We intended to identify the potential key biomarker and pathways that correlated with infiltrating immune cells during the pathogenesis of intracranial aneurysms (IA), to develop a diagnostic model, and to predict therapeutic drugs.
Three datasets containing intracranial aneurysm tissue samples and normal artery control samples from Gene Expression Omnibus (GEO) were included. Gene-set variation analysis(GSVA) and gene set enrichment analysis (GSEA) were conducted to find the significant differentially expressed pathways in IA formation. The least absolute shrinkage and selection operator (LASSO) regression and the multivariate logistic regression analysis were performed to identify the characteristic genes in the IL6/JAK/STAT signaling pathway (ISP) and the estrogen response pathway (ERP). A diagnostic model was constructed. xCell was used to identify immune cell types in IA pathogenesis. We used the weighted gene co-expression network analysis (WGCNA) algorithm to explore the correlations between the key modules and the four traits. Potential therapeutic drugs were investigated in Enrichr and Drugbank database.

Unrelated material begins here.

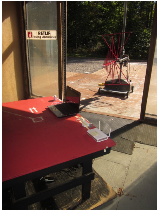
Vertical Antenna Polarization, 25 MHz – 1 GHz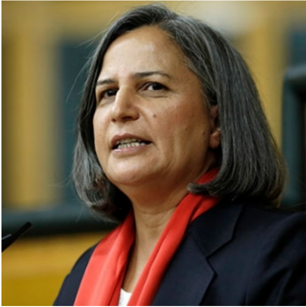
Gülten Kışanak Mayor of Diyarbakır

The ISP is significant positively correlated with IA onset. The biological function of the ISP is positively correlated with that of the ERP, and is significantly associated with immune cells activities.
We identified that the ISP was one of the most significant positively correlated pathways in IA onset, and it was activated in this process concordant with the ERP and immune responses. Except for beneficial effects, complex and multiple roles of estrogen may be involved in IA formation. STAT2 could be a potential biomarker and a promising therapeutic target of IA pathogenesis.